— Assignment —
Pictures excluded, output exactly the lines from the one containing "This unique piece" through the last line of the listing below.

— Data under study —

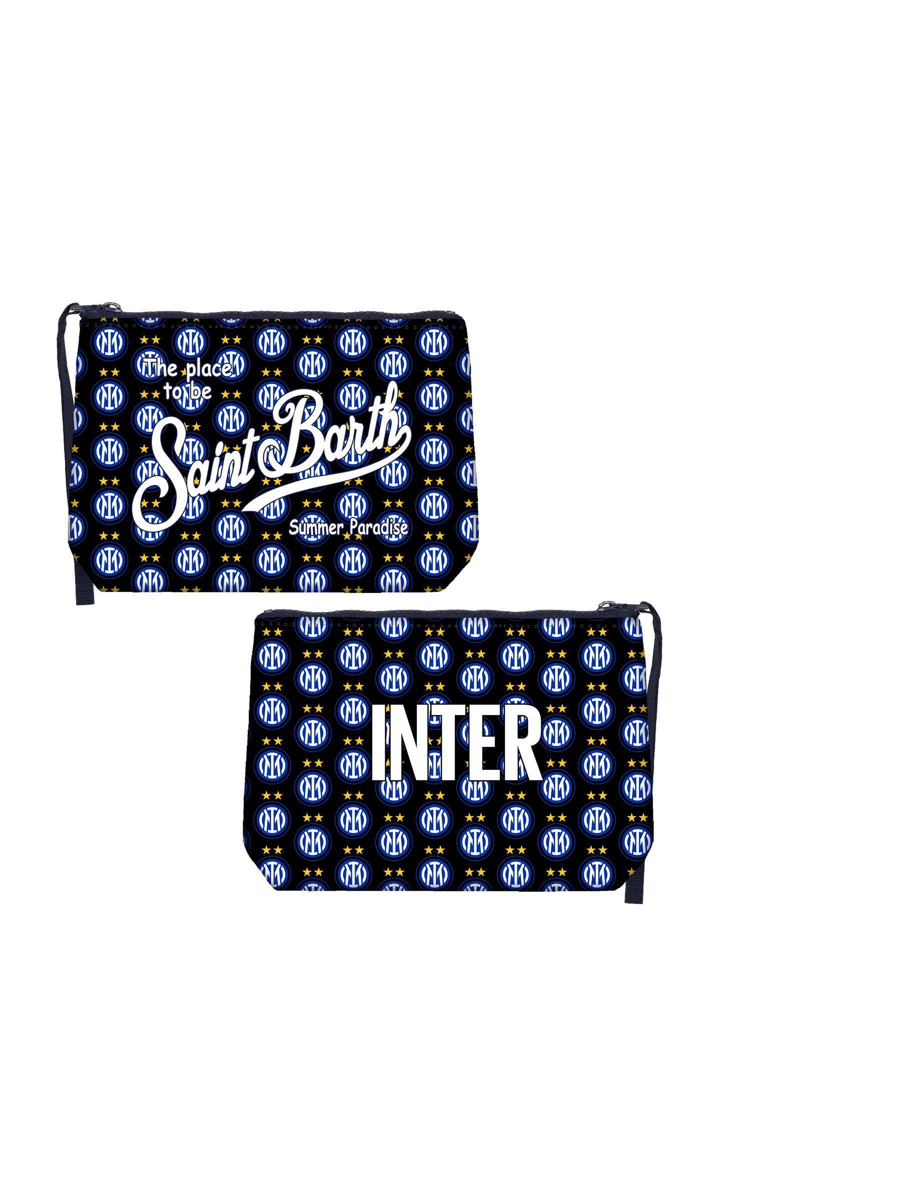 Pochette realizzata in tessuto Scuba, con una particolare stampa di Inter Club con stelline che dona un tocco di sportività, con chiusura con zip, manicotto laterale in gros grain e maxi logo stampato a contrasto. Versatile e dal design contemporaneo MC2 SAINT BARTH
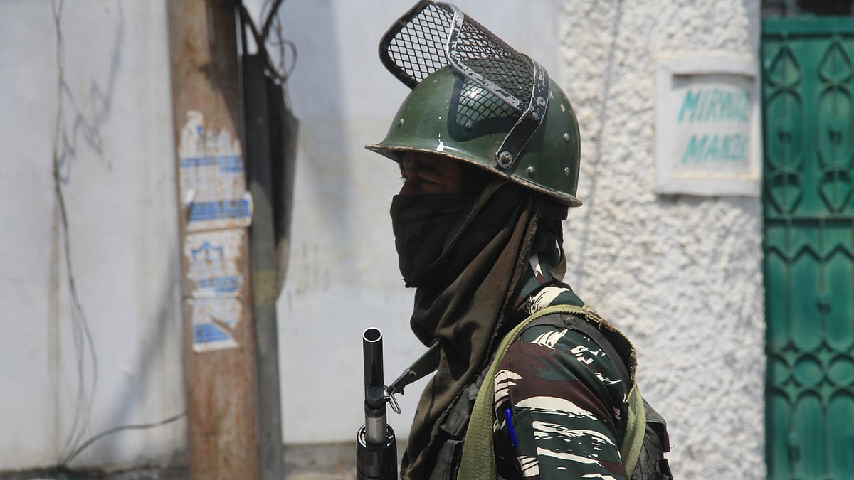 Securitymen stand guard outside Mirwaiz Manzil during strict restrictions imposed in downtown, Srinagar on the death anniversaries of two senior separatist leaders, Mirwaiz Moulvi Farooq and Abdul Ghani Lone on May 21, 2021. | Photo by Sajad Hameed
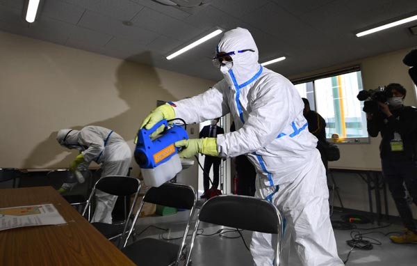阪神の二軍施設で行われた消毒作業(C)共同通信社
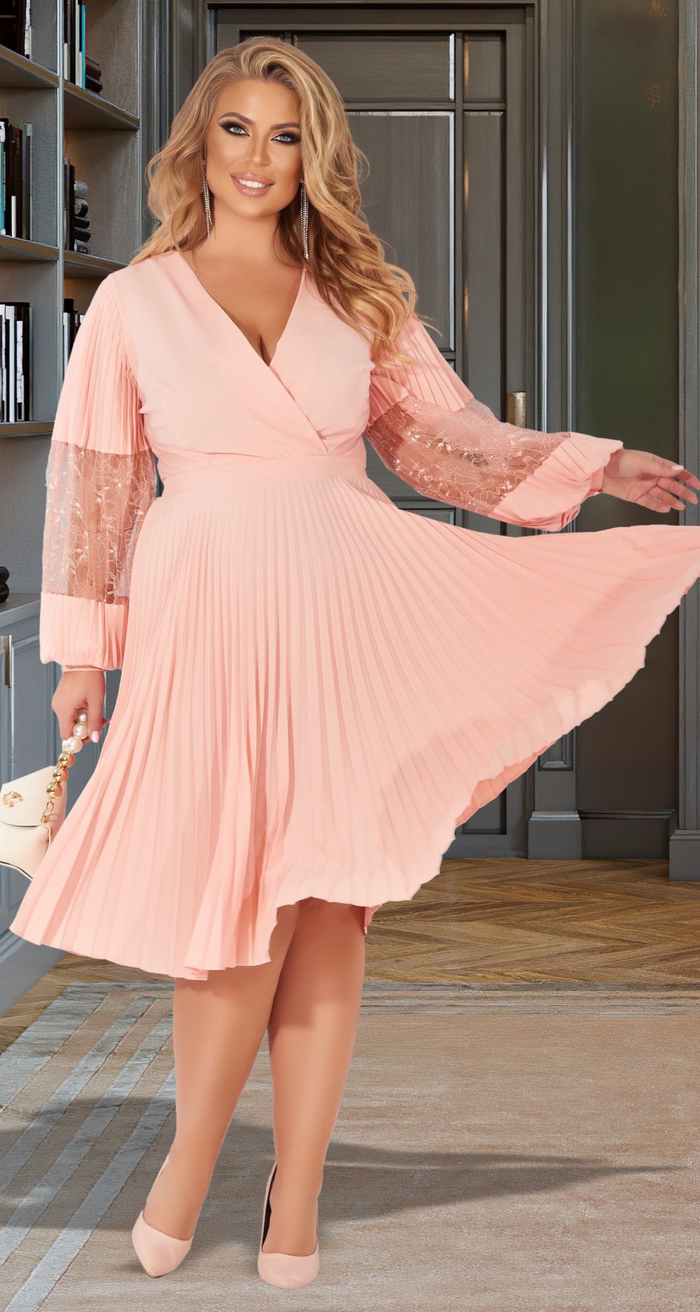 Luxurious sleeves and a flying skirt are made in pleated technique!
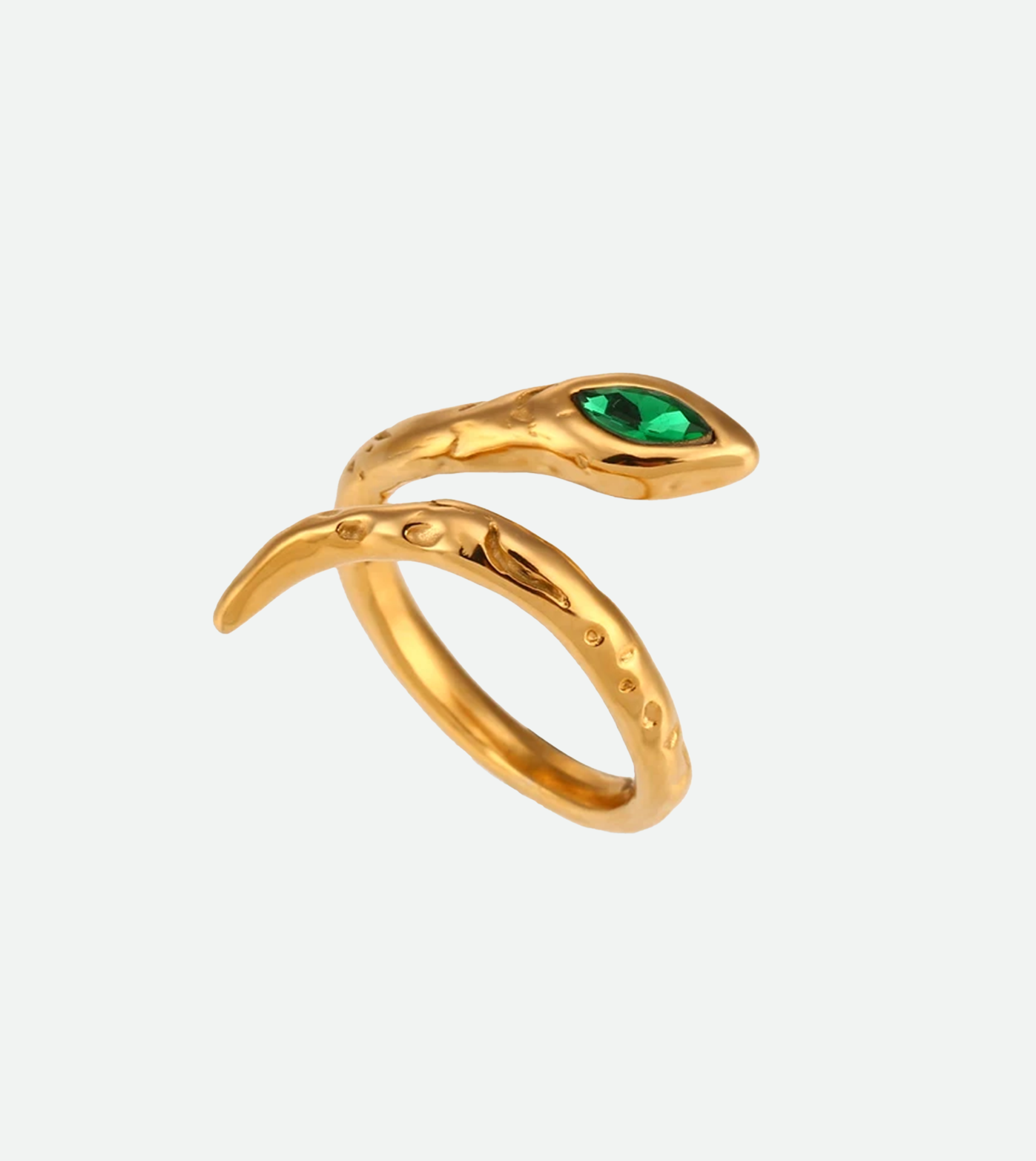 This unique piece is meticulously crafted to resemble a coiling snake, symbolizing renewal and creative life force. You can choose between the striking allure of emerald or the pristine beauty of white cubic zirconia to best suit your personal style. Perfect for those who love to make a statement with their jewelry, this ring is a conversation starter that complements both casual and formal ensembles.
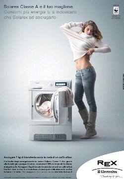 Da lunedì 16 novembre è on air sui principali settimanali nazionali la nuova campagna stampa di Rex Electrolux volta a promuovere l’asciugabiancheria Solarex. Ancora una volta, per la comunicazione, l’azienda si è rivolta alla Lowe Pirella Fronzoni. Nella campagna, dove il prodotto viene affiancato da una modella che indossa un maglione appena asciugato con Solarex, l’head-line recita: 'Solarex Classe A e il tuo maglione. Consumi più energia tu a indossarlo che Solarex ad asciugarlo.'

— Reply to the task —
 This unique piece is meticulously crafted to resemble a coiling snake, symbolizing renewal and creative life force. You can choose between the striking allure of emerald or the pristine beauty of white cubic zirconia to best suit your personal style. Perfect for those who love to make a statement with their jewelry, this ring is a conversation starter that complements both casual and formal ensembles.
 Da lunedì 16 novembre è on air sui principali settimanali nazionali la nuova campagna stampa di Rex Electrolux volta a promuovere l’asciugabiancheria Solarex. Ancora una volta, per la comunicazione, l’azienda si è rivolta alla Lowe Pirella Fronzoni. Nella campagna, dove il prodotto viene affiancato da una modella che indossa un maglione appena asciugato con Solarex, l’head-line recita: 'Solarex Classe A e il tuo maglione. Consumi più energia tu a indossarlo che Solarex ad asciugarlo.'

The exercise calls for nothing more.